Per-block ffmpeg loudnorm averages multiple speakers to one gain, leaving the quieter voice quieter. Dynamic-mode loudnorm eats the first 3 seconds of audio.

Per-Segment Loudnorm and the 3-Second Lookahead Bug

After per-block loudness normalization, the female co-host always sounded one room away from the male host. After the global two-pass loudnorm, the first three seconds of every episode disappeared. Both bugs lived in the same mix_audio.py. Both are ffmpeg loudnorm filter footguns. Both look like TTS quality problems until you measure.

Quick Take

  • Per-block loudnorm averages multiple speakers in the block to one gain, flattening per-speaker imbalance the wrong way
  • Dynamic-mode loudnorm (the fallback when linear-mode conditions fail) leaves a 3-second leading-silence artifact
  • Per-segment normalization (measure input_i, apply volume={gain}dB) fixes the first
  • Dropping the global loudnorm pass entirely and letting per-segment converge fixes the second
  • Verification: RMS measurement at sample timestamps catches both before they ship

Bug 1: per-block average masks per-speaker imbalance

The original mixer ran one loudnorm pass over an entire voice block (the run of TTS segments between music transitions). Each block had alternating speakers, CIPHERFOX → HEXABELLA → CIPHERFOX → HEXABELLA → …, 50 to 250 segments per block in a typical episode.

ffmpeg measured the integrated loudness of the block as a whole and applied one gain offset. The averaging behavior is exactly what loudnorm advertises in single-pass mode: read the input, compute an integrated LUFS measurement, return a gain that brings the measurement to the target. The problem is that “the block as a whole” mixes the two speakers’ levels into a single average. Whichever speaker was louder in the source pulled the average up; whichever was quieter stayed relatively quiet after the gain was applied.

Listener verdict on the V6 episode: “weder bei cipherfox noch bei hexabella signifikant verbessert … lautstärken-unterschiede”. Translation: neither voice improved over baseline, the audible volume gap between speakers persisted. Engineering instinct said “the TTS is producing inconsistent volume.” Diagnosis: the mixer was flattening the wrong axis.

You cannot fix per-speaker imbalance with a per-block normalizer. The averaging is the bug.

Bug 1, the fix: per-segment normalization

Replace the per-block loudnorm with per-segment loudness measurement and a clamped gain offset.

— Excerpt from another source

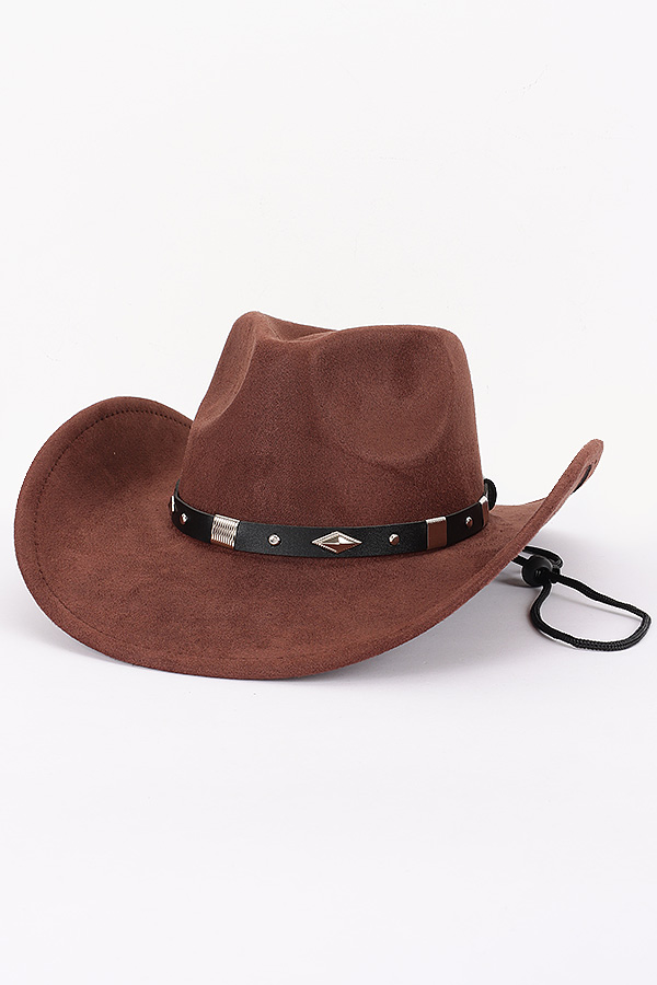 - * This Western Cowboy Hat from H&D Accessories features a classic cowboy hat silhouette with a decorative band and a chin strap for a secure fit. The hat has a structured design, giving it an authentic western appearance.

Each segment goes through loudnorm pass-1 to read its integrated LUFS, then a volume filter applies the delta to bring it to target. The cap at ±9 dB prevents runaway on outlier short segments where the integrated measurement is unstable.

def _measure_loudness(wav: Path, target_lufs: int) -> float | None:
    """Pass-1 measurement only, no audio output."""
    result = subprocess.run([
        "ffmpeg", "-y", "-i", str(wav),
        "-af", f"loudnorm=I={target_lufs}:TP=-2.0:LRA=8:print_format=json",
        "-f", "null", "-",
    ], capture_output=True)
    m = re.search(r'\{[^{}]+\}', result.stderr.decode(), re.DOTALL)
    if not m:
        return None
    return float(json.loads(m.group())["input_i"])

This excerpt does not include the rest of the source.